Global Bitcoin address validator
How the Bitcoin address format works
- Format
- Base58Check (legacy, starts 1 or 3) or Bech32 (native SegWit, starts bc1)
- Example
- 1A1zP1eP5QGefi2DMPTfTL5SLmv7DivfNa
Things to watch for
- Case-sensitive — validation runs on the exact characters entered
- Supports legacy P2PKH/P2SH (1/3...) and native SegWit Bech32 (bc1...) addresses
- Validates the address checksum in your browser only — does not check balance or ownership
^(1|3|bc1)[0-9A-Za-z]{25,62}$A Bitcoin address is the destination string a wallet generates to receive funds, and it comes in two current formats: legacy Base58Check addresses (starting with ‘1’ for P2PKH or ‘3’ for P2SH) and native SegWit Bech32 addresses (starting with ‘bc1’). Anyone about to send Bitcoin, or building a form that accepts a Bitcoin address as input, benefits from catching a mistyped or corrupted address before funds are sent to it — because unlike a bank transfer, a Bitcoin transaction can’t be reversed once it confirms.
Both address formats embed a checksum in their own encoding specifically so a single mistyped or dropped character is overwhelmingly likely to produce an invalid address rather than a different, equally valid one. That’s a deliberate design choice, not a coincidence — the same reasoning behind check digits on credit card numbers and ISBNs.
How this validator works
This tool detects whether the input is a Base58Check address or a Bech32 address and then verifies that format’s embedded checksum, entirely in your browser. Nothing is sent to a server, there’s no signup, and the address is never broadcast, looked up, or transmitted anywhere.
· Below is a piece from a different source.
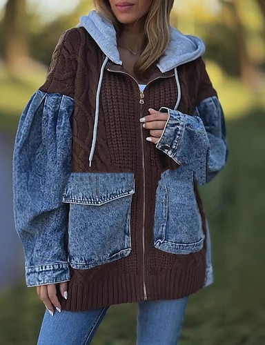 Damen Wintermantel Jeansjacke Warm Bequem Patchwork Reißverschluss Tasche Lässig Patchwork Urlaub Straße Lässig Alltagskleidung Regulär Mit Kapuze Normale Passform Langarm Oberbekleidung Schwarz
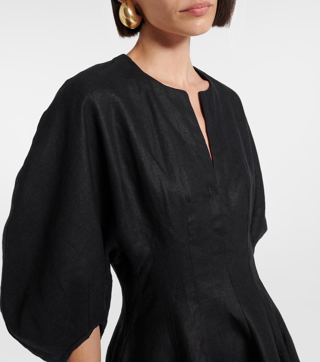 Мини-платье Soleil от Faithfull – дань уважения бренду к путешествиям и лету. Воздушный, скульптурный силуэт, эта модель выполнена из льна с рукавами-фонариками и узким разрезом на горловине.

What a pass doesn’t tell you
A pass means the address is correctly encoded — not that it belongs to the person or exchange you intend to pay, that it has ever received funds, or what its current balance is. This tool never queries the blockchain, so balance, transaction history, and ownership are entirely outside what it can tell you. Always double-check an address through a second channel — a QR code, a confirmed message, or reading it back character by character — before sending funds, since a checksum only catches typos, not a correct-but-wrong address.
Scope: this page and tool cover Bitcoin address format and checksum validation only — not balance lookup, transaction history, or ownership verification.
Content last reviewed 2026-07-07.
Bitcoin address FAQ
What's the difference between addresses starting with 1, 3, and bc1?
Addresses starting with '1' are legacy Pay-to-Public-Key-Hash (P2PKH) addresses; those starting with '3' are Pay-to-Script-Hash (P2SH), often used for multisig wallets; those starting with 'bc1' are native SegWit Bech32 addresses, which are newer and generally cheaper to spend from. All three formats are valid Bitcoin addresses today.
Does a valid checksum mean it's safe to send funds to this address?
A passing checksum means the address is correctly formed and hasn't been mistyped or corrupted — it doesn't mean the address belongs to who you think it does, or that sending funds there is the right call. Bitcoin transactions are irreversible, so always confirm the address through a second channel before sending anything of value.
Can this tool tell me an address's balance or transaction history?
No. Validation happens entirely in your browser and never queries the blockchain, so it has no way to know an address's balance, history, or whether it's ever been used. You'd need a block explorer for that.